Writer: Danny QDanny Q
Ooh, baby, do you know what that’s worth? Ooh, heaven is a place on earth They say in heaven, love comes first We’ll make heaven a place on earth Ooh, heaven is a place on earth.

In 1987 Belinda Carlisle released the song “Heaven is a Place on Earth,” and unknowingly gave theologians and pastors a great song to use when discussing the topic of heaven, especially in light of the book of Revelation. There are a few ways this song mirrors our epistle text for this Sunday: Revelation 21:1-6. It speaks of love having primacy in heaven, which the text shows us as it talks about there being no more death, mourning, crying, or pain. The whole text shows us the ways in which God loves us and is making all things new for us.

Another way in which this song mirrors our text is the primary one I want to focus in on. “Ooh, heaven is a place on earth!” Possibly without realizing it, Belinda Carlisle did a better job talking (or well, singing) about heaven then a lot of Christians in the last few centuries have. In the last few centuries the Christian view of heaven began to morph and change into something odd. It somehow began to change into an old heresy which has constantly been fought by the Church – Gnosticism. The view in Gnosticism is that there is a separation of spirit and body, with spirit being the higher and better of the two. The Church early on declared this to be heresy and helped its people to see the importance of both body and spirit and that the two cannot really be separated. Christians, however, began to fall back into gnostic thinking, and the view of heaven shifted. As the idea of the spirit took on more importance, and the body became less important, the view of heaven became one that is more spiritual, rather than physical. Thank God for Belinda Carlisle’s song and the book of Revelation to draw us back into orthodoxy.

Pastors, this Sunday is a great day to preach on the implication of the resurrection in regards to our view on heaven. The resurrection of Jesus is the example for all of us and the first fruit of what is to come. Jesus’s resurrection gives us a glimpse of what will happen to all of us one day. Instead of us being taken to heaven as some disembodied spirit, heaven will one day fully come down to earth where it will be as one. Just as Jesus came down and became one of us, so too will heaven. It will come down and heaven and earth will be made fully one. NT Wright states it like this in his book Surprised by Hope, “Jesus’s resurrection is the beginning of God’s new project not to snatch people away from earth to heaven but to colonize earth with the life of heaven.” We see that Jesus is the beginning of making all things new.
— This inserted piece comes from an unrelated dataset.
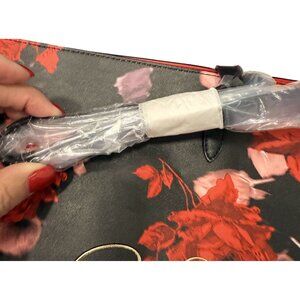 This spacious open tote bag features a bold floral design on a sleek black base with a vibrant red interior. Ideal for carrying essentials elegantly. New without tags.
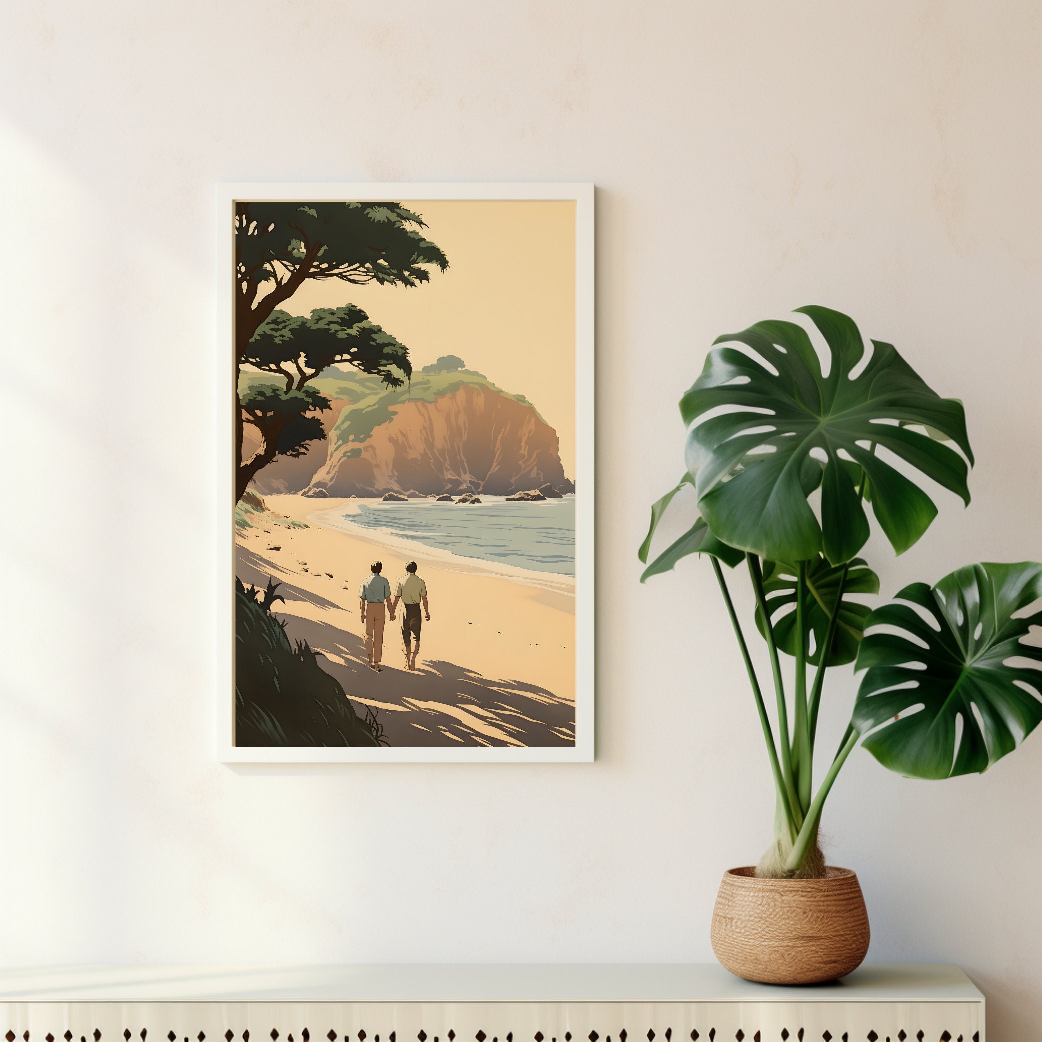 Vintage Gay Beach Couple LGBTQ Art Print Printable Wall Etsy Australia 167580

His resurrection changes everything, and gives us glimpse of what that change will ultimately look like. This new creation or what can be called salvation

then, is not ‘going to heaven’ but ‘being raised to life in God’s new heaven and new earth.’ But as soon as we put it like this we realize that the New Testament is full of hints, indications, and downright assertions that this salvation isn’t just something we have to wait for in the long-distance future. We can enjoy it here and now (always partially, of course, since we all still have to die), genuinely anticipating in the present what is to come in the future. ‘We were saved,’ says Paul in Romans 8:24, ‘in hope.’ The verb ‘we were saved’ indicates a past action, something that has already taken place, referring obviously to the complex of faith and baptism of which Paul has been speaking in the letter so far. But this remains ‘in hope’ because we still look forward to the ultimate future salvation of which he speaks in (for instance) Romans 5:9, 10.

The joy of our faith, and part of its uniqueness, is that God comes and dwells among us. God became incarnate and walked among us. It doesn’t stop there, though. God and all of heaven will descend as heaven and earth become one; humanity will follow after Jesus through a grand resurrection. Our faith is not about us one day going to heaven, but instead it is about heaven coming down to us. So pastors, preach boldly of the hope of a bodily resurrection, preach boldly the joy of heaven coming down to earth, and preach about why that is important. Since heaven is coming down to earth, let’s prepare to live like that. Let’s live our lives as an example of the reality that is to come. We will be a resurrected people, so let’s take this Sunday to help our people embrace living out that future resurrected life here and now. As the song reminds us, “heaven is a place on earth,” and that place is everywhere on earth.